Батум. 17.12.1924. Ей же:
«Работается и пишется мне дьявольски хорошо».
Зима 1924–1925 года на Черноморском побережье Кавказа выдалась холодной и снежной. Было не только холодно, но и скучно, и все равно – работалось: «Я скоро завалю вас материалами. Так много и легко пишется в жизни очень редко». (Из письма к Г. А. Бениславской.) Есенин по неделям не выходит из батумской квартирки Льва Повицкого, куда перебрался из ледяной и слишком уж грязной гостиницы. Но и здесь – холодина. Субтропический Батум не приспособлен к резким отклонениям от климатической средней нормы. Руки мерзнут так, что Есенин вынужден бросить карандаш и писать стихи «в уме». Еще недавно поэт опасался, что жизненного опыта – впечатлений, какие он лично вынес из «сонма бурь», хватит на большую поэму. Хватило! И воспоминаний, и творческой воли. И все помогало: и тифлисское веселье, и батумская скука.

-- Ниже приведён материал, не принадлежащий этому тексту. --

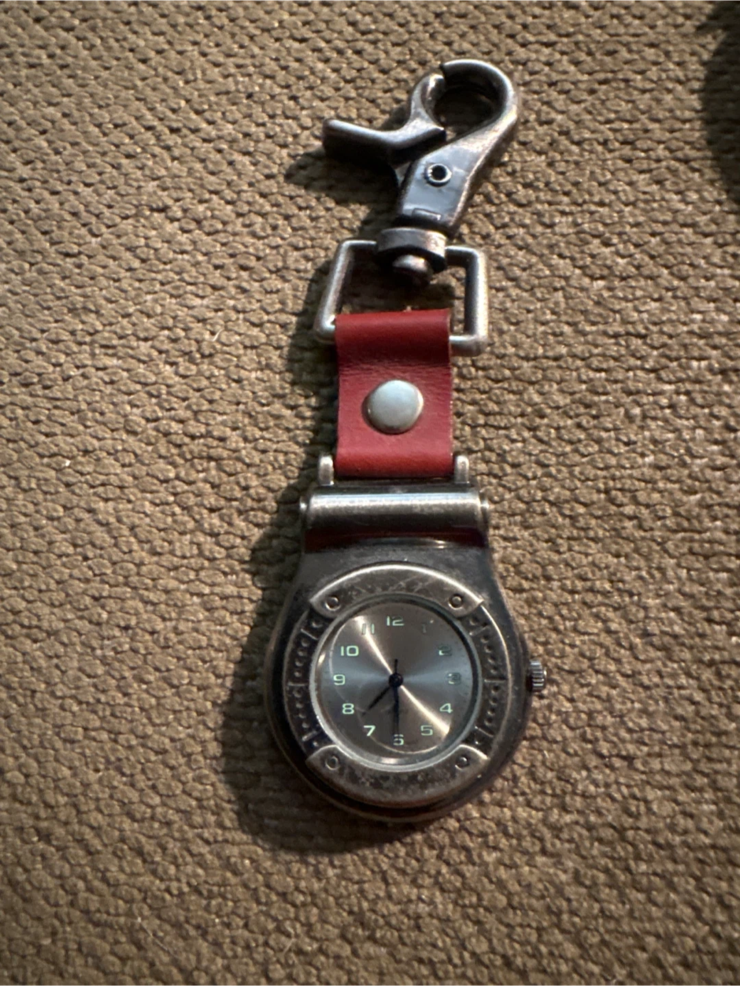 Selling a clip on watch. It's a unique piece, perfect for clipping onto a bag or belt loop. The watch face is easy to read and it's in great condition!

Подобно Пастернаку в «Докторе Живаго», написанном в традициях русского классического романа, Есенин в «Анне Снегиной» сознательно впадает в «ересь неслыханной простоты» – пишет поэму из крестьянской жизни в духе Некрасова. Как и в хрестоматийном стихотворении Некрасова «Крестьянские дети», герой «Анны Снегиной», тоже поэт, возвращается в родную деревню отдохнуть и поохотиться. И Есенин делает все, чтобы его читатель про это вспомнил. Впрочем, особых усилий не требуется. «Крестьянских детей» заучивали наизусть в первом же классе сельских школ.Некрасов:
Опять я в деревне, хожу на охоту,
Пишу мои вирши, живется легко.
Вчера, утомленный ходьбой по болоту,
Забрел я в сарай и заснул глубоко.
Есенин:
Все лето провел я в охоте…
Однажды, вернувшись с тяги,
Я лег подремать…
Разносчик болотной влаги,
Меня просквозил туман.
По-прежнему с шубой овчинной
Иду я на свой сеновал…
По-некрасовски «значно» («Неелово, Горелово, Неурожайка тож», «Кому на Руси жить хорошо») названы у Есенина деревни, в которых развертывается действие поэмы: богатое и справное Радово, бедные и неблагообразные Криуши.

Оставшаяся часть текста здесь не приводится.